Below are some records. Write out the line that contains "The dominant contribution" and all lines after it, exactly, but not the pictures.

Content starts

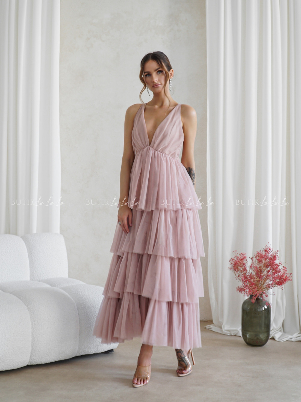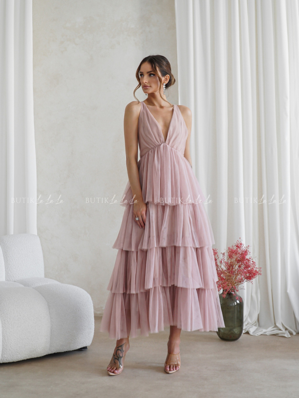 sukienka pudrowa tiulowa Magnolie
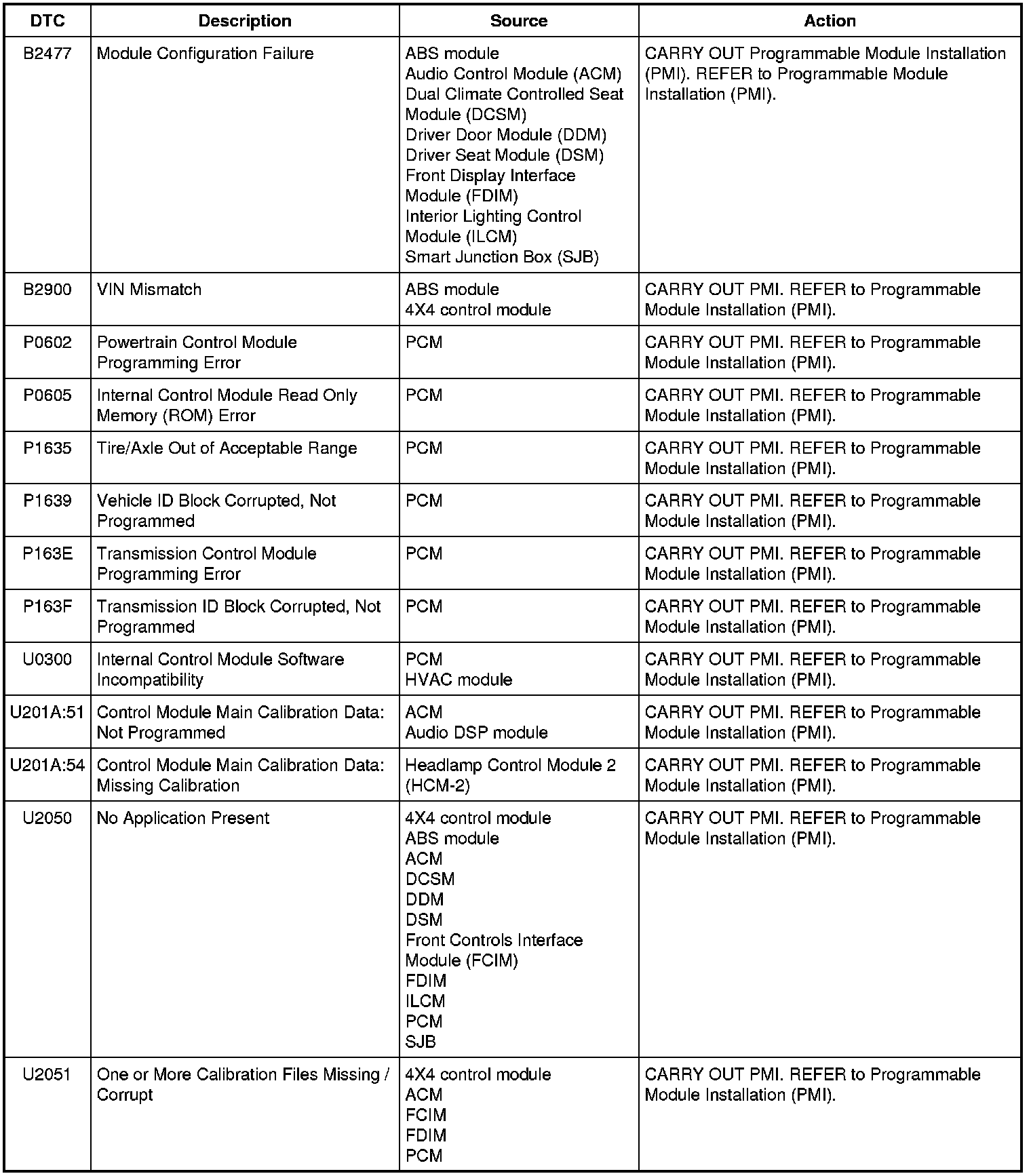 Home >> Ford >> 2011 >> Taurus AWD V6-3.5L >> Repair and Diagnosis >> Powertrain Management >> Computers and Control Systems >> Information Bus >> Testing and Inspection >> Diagnostic Trouble Code Tests and Associated Procedures >> Module Configuration
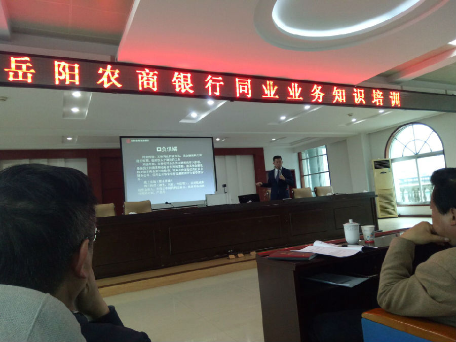 岳阳农商银行董事长黄亚平在会上表示:举办此次培训班旨在应对当前经济下行的形势,推动岳阳农商银行经营结构快速转型、金融市场业务持续健康发展。通过此次培训,让大家对金融市场有更深的理解,掌握金融市场的常规知识,更新原有的金融理念,适应我行经营结构转型的发展要求。
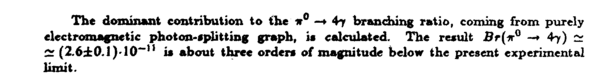 The dominant contribution to the tr —* Ay branching ratio, coming from purely electromagnetic photon-splitting graph, is calculated. The result Br(ir° —· 47) ~ Cz (2.Ы0Л )-10*"lf is about three orders of magnitude below the present experimental limit.
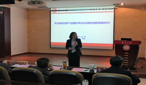 第二个阶段为学术研讨会。由管理学院院长李烨教授主持。在第二阶段学术研讨会中,首先是章莉南子老师带来主题为“双人博弈情境下短时情绪诱发对购买行为影响的神经机制研究”的学术报告。章莉南子老师的汇报全程以研究数据的获取展开分析交互式策略对人们购买行为的影响,让在座师生更快理解其研究的大致内容。紧接着是张莉老师带来的题为“平台知识资产质量对平台伙伴的创新激励研究”的学术报告,分享了对互联网平台管理的一些研究成果。同时,张莉老师的研究运用了几个比较新的理论,让在座师生眼前一亮,并引发了在座师生与张莉老师的探讨。
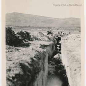 Black & white print. Snapshot. Image of a deep trench cut into the prairie. Workmen & truck at far end. Rough bottom on trench; piles of dirt on left side. Hills in background.
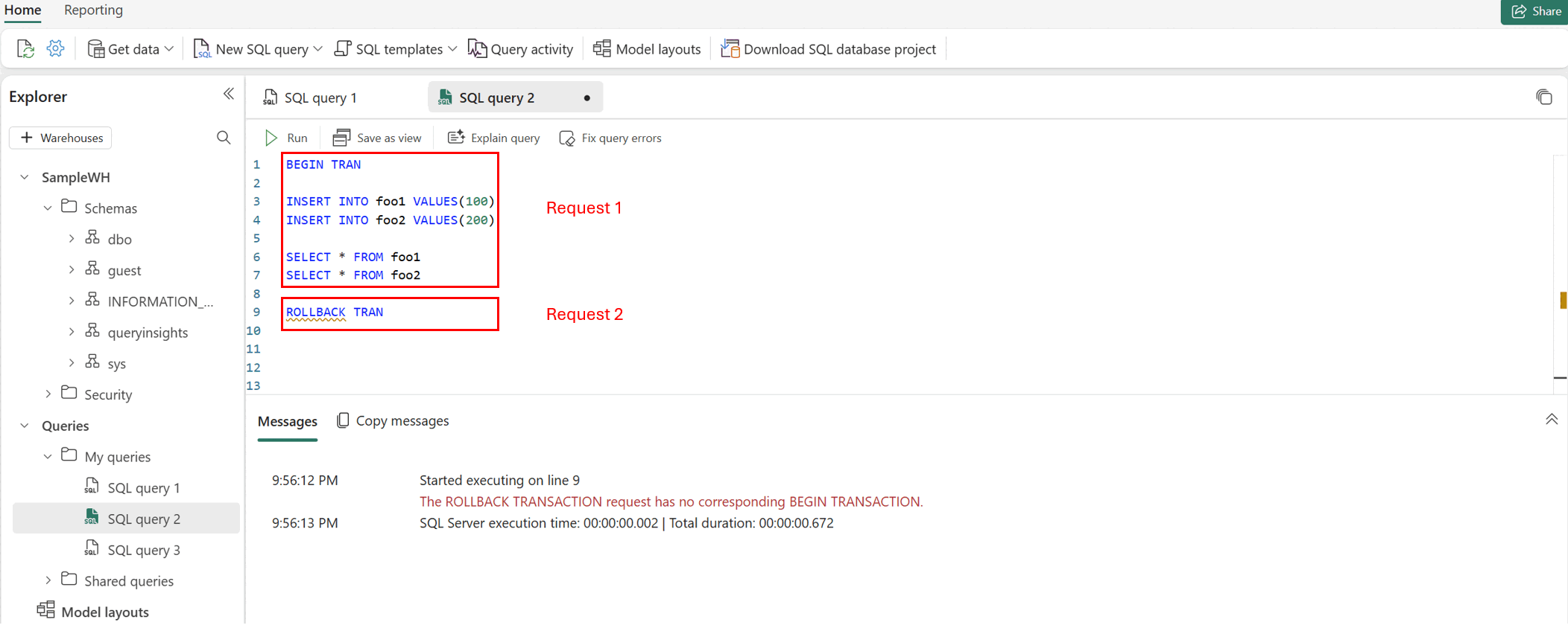 สกรีนช็อตที่แสดงการเรียกใช้ธุรกรรมแบบอิสระที่ล้มเหลวในตัวแก้ไขคิวรี SQL
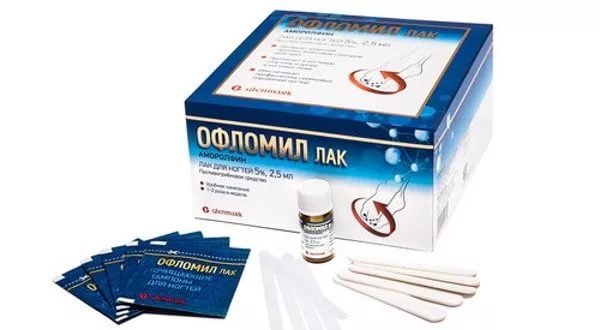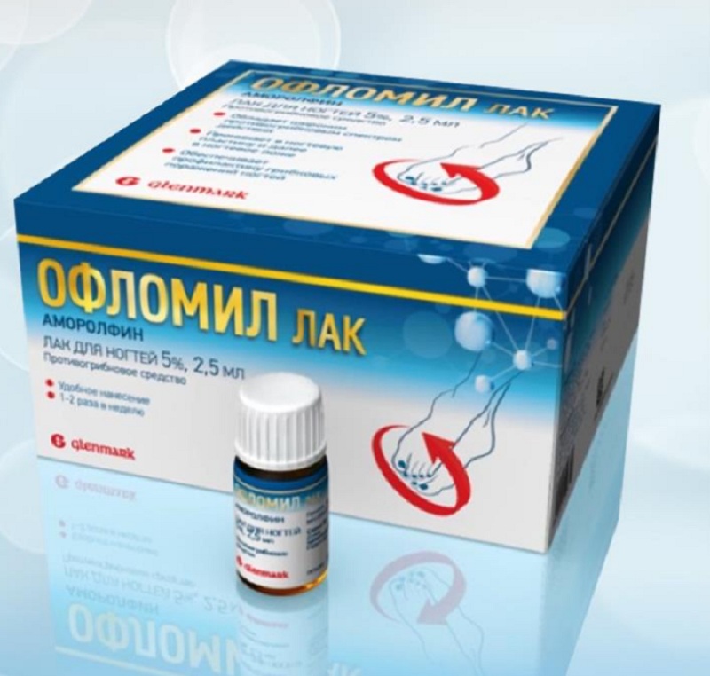 Индийская фирма «Гленмарк» делает 5% лак «Офломил». Он активен против тех же видов грибков, что и лоцерил. Действует за счет аморолфина. Средняя цена 2,5 мл около 750 рублей. Наносить лак надо 1 — 2 раза в неделю, курс лечения от 6 месяцев.
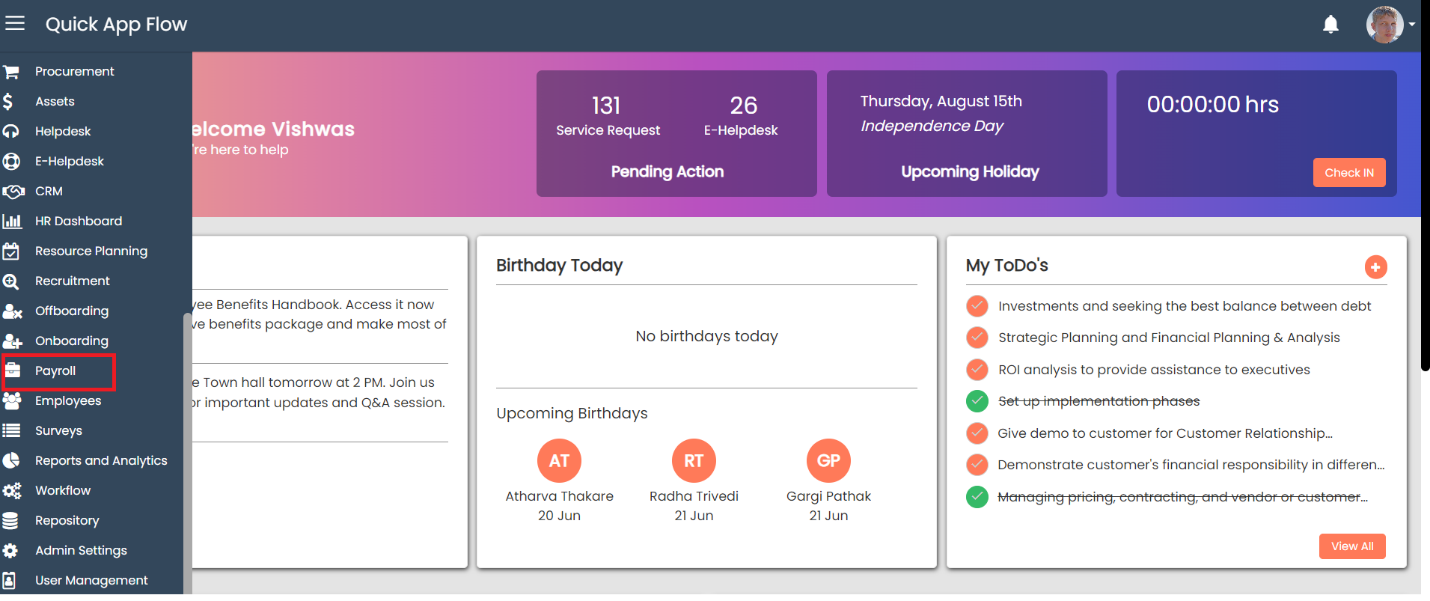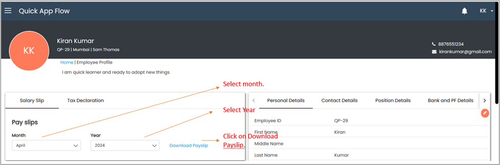 Once the payroll is approved by the approver, employees can download their pay slip for that month from their profiles.

Content ends

• TASK OUTPUT:
 The dominant contribution to the tr —* Ay branching ratio, coming from purely electromagnetic photon-splitting graph, is calculated. The result Br(ir° —· 47) ~ Cz (2.Ы0Л )-10*"lf is about three orders of magnitude below the present experimental limit.
 第二个阶段为学术研讨会。由管理学院院长李烨教授主持。在第二阶段学术研讨会中,首先是章莉南子老师带来主题为“双人博弈情境下短时情绪诱发对购买行为影响的神经机制研究”的学术报告。章莉南子老师的汇报全程以研究数据的获取展开分析交互式策略对人们购买行为的影响,让在座师生更快理解其研究的大致内容。紧接着是张莉老师带来的题为“平台知识资产质量对平台伙伴的创新激励研究”的学术报告,分享了对互联网平台管理的一些研究成果。同时,张莉老师的研究运用了几个比较新的理论,让在座师生眼前一亮,并引发了在座师生与张莉老师的探讨。
 Black & white print. Snapshot. Image of a deep trench cut into the prairie. Workmen & truck at far end. Rough bottom on trench; piles of dirt on left side. Hills in background.
 สกรีนช็อตที่แสดงการเรียกใช้ธุรกรรมแบบอิสระที่ล้มเหลวในตัวแก้ไขคิวรี SQL
 Индийская фирма «Гленмарк» делает 5% лак «Офломил». Он активен против тех же видов грибков, что и лоцерил. Действует за счет аморолфина. Средняя цена 2,5 мл около 750 рублей. Наносить лак надо 1 — 2 раза в неделю, курс лечения от 6 месяцев.
 Once the payroll is approved by the approver, employees can download their pay slip for that month from their profiles.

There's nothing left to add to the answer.